» **Stored records**:
====
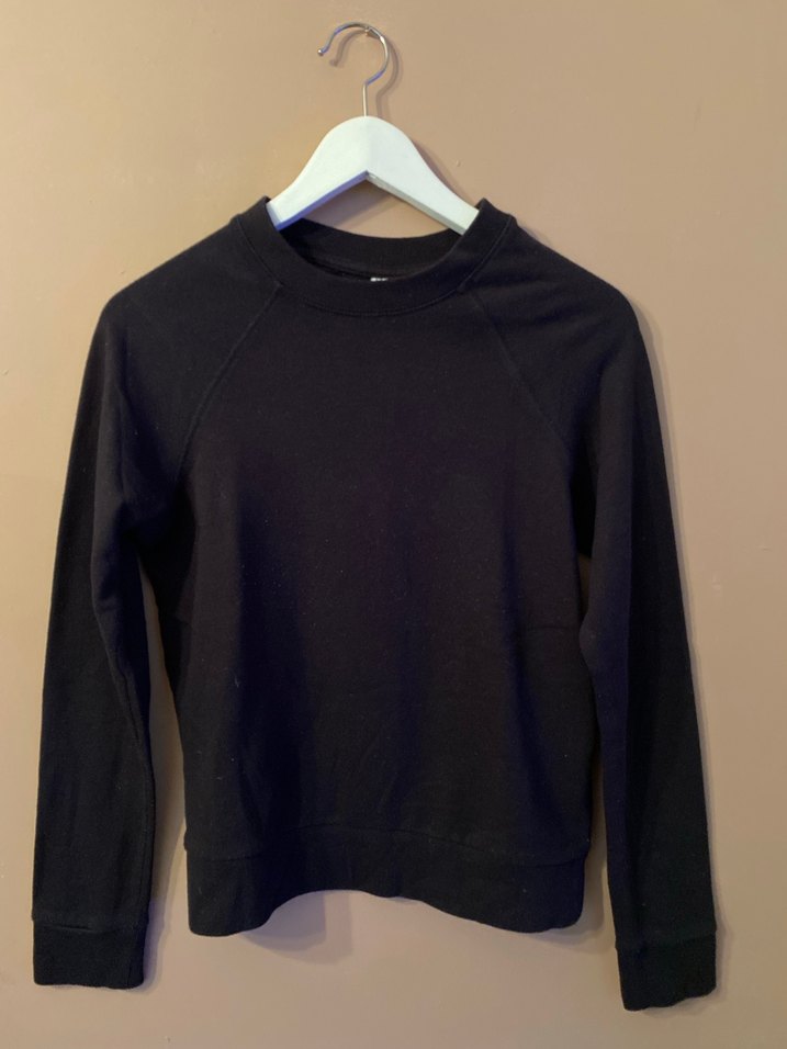 Siyah, uzun kollu, yuvarlak yaka ve normal kesim sweatshirt. Günlük kullanıma uygundur.
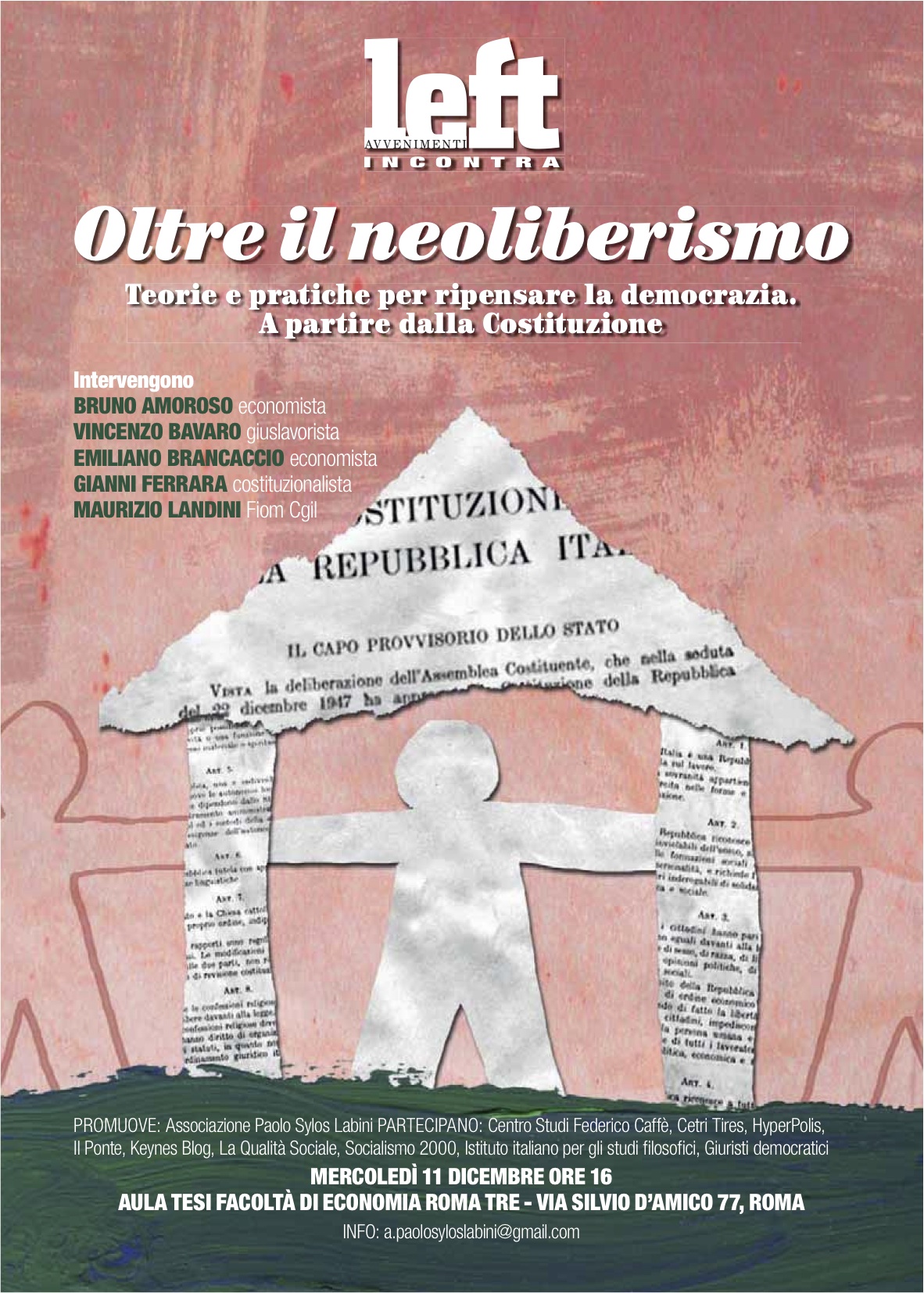 La Costituzione come antitesi essenziale ai princìpi del neoliberismo economico, che ci hanno condotto dentro la crisi e che continuano ad aggravarla giorno dopo giorno, smantellando progressivamente i fondamenti della vita democratica. È dedicato a questo tema il convegno annuale dell’Associazione Paolo Sylos Labini, in questa occasione organizzato insieme al settimanale left. Costituzionalisti, esperti di diritto, economisti, si confronternanno sui diritti fondamen- tali della Costituzione, a partire dai princìpi di ugua- glianza (sostanziale) e di esistenza libera e dignitosa, sui quali si fonda il diritto al lavoro; sulle caratteristi- che del paradigma liberista che negano l’esistenza di tali diritti; sulla crisi della rappresentanza politica come effetto delle ricadute del paradigma neoliberi- sta sulla sovranità degli Stati e conseguentemente sul sistema democratico; infine sul ruolo dell’attore pubblico informato nei princìpi base della Costituzio- ne, a partire dalla definizione degli obiettivi ultimi di politica economica: piena e buona occupazione per una società giusta e democratica. La crisi economica dimostra la necessità di una nuova programmazione in alternativa alle politiche neoliberiste, in attuazione dei principi fondamentali della Costituzione, capace al tempo stesso di farsi interprete delle domande più urgenti che il presente ci pone.
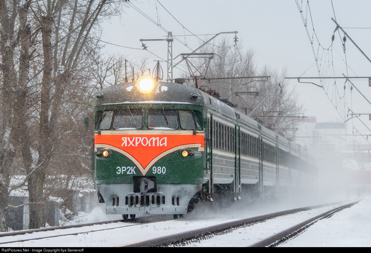 | The last green USSR colors ER2K-980 EMU train runs from Moscow to Yakhroma. The electric train was built in 1972. This design (with round shape head coach) was trendy in the middle of the 20th century and now is very revered among railway fans. Currently, there are only few trains with such design in Russia. In December 2020 Russian Railways began service of this train like a tourist train restored to take skiers to ski resorts of the Moscow region. |
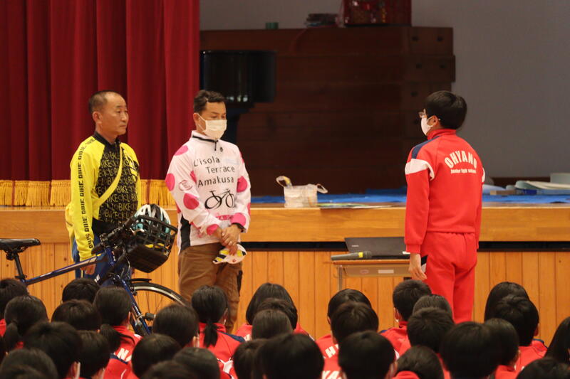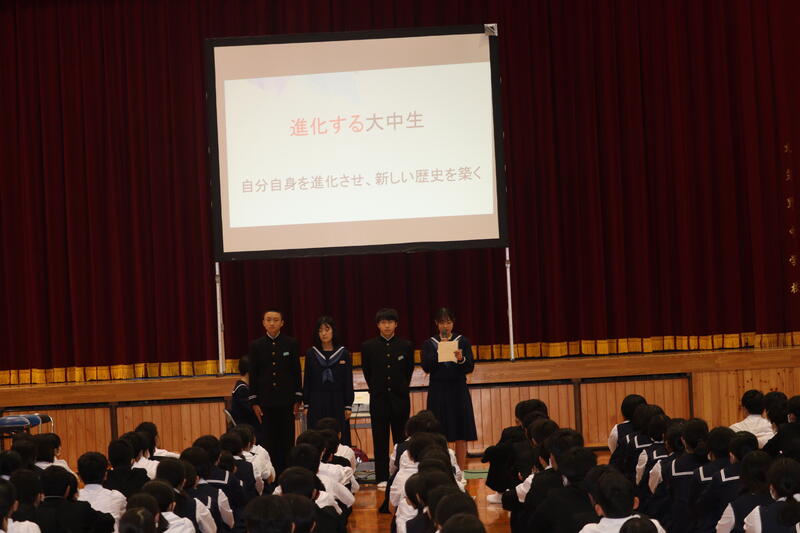 その後、学校生活の1日流れと決まりについて、生徒指導担当の松尾先生からの説明で、全校生徒でしっかりと確認ができました。
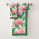 Lindas drangas cor-de-rosa e azuis com cor-de-rosa quente e verde, este conjunto de toalhas do banheiro é um sotaque perfeito para sua decoração caseira.
====
» **Problem description**: Every line above should be returned exactly; the pictures stay out.

» **Worked solution**:
 Siyah, uzun kollu, yuvarlak yaka ve normal kesim sweatshirt. Günlük kullanıma uygundur.
 La Costituzione come antitesi essenziale ai princìpi del neoliberismo economico, che ci hanno condotto dentro la crisi e che continuano ad aggravarla giorno dopo giorno, smantellando progressivamente i fondamenti della vita democratica. È dedicato a questo tema il convegno annuale dell’Associazione Paolo Sylos Labini, in questa occasione organizzato insieme al settimanale left. Costituzionalisti, esperti di diritto, economisti, si confronternanno sui diritti fondamen- tali della Costituzione, a partire dai princìpi di ugua- glianza (sostanziale) e di esistenza libera e dignitosa, sui quali si fonda il diritto al lavoro; sulle caratteristi- che del paradigma liberista che negano l’esistenza di tali diritti; sulla crisi della rappresentanza politica come effetto delle ricadute del paradigma neoliberi- sta sulla sovranità degli Stati e conseguentemente sul sistema democratico; infine sul ruolo dell’attore pubblico informato nei princìpi base della Costituzio- ne, a partire dalla definizione degli obiettivi ultimi di politica economica: piena e buona occupazione per una società giusta e democratica. La crisi economica dimostra la necessità di una nuova programmazione in alternativa alle politiche neoliberiste, in attuazione dei principi fondamentali della Costituzione, capace al tempo stesso di farsi interprete delle domande più urgenti che il presente ci pone.
 | The last green USSR colors ER2K-980 EMU train runs from Moscow to Yakhroma. The electric train was built in 1972. This design (with round shape head coach) was trendy in the middle of the 20th century and now is very revered among railway fans. Currently, there are only few trains with such design in Russia. In December 2020 Russian Railways began service of this train like a tourist train restored to take skiers to ski resorts of the Moscow region. |
 その後、学校生活の1日流れと決まりについて、生徒指導担当の松尾先生からの説明で、全校生徒でしっかりと確認ができました。
 Lindas drangas cor-de-rosa e azuis com cor-de-rosa quente e verde, este conjunto de toalhas do banheiro é um sotaque perfeito para sua decoração caseira.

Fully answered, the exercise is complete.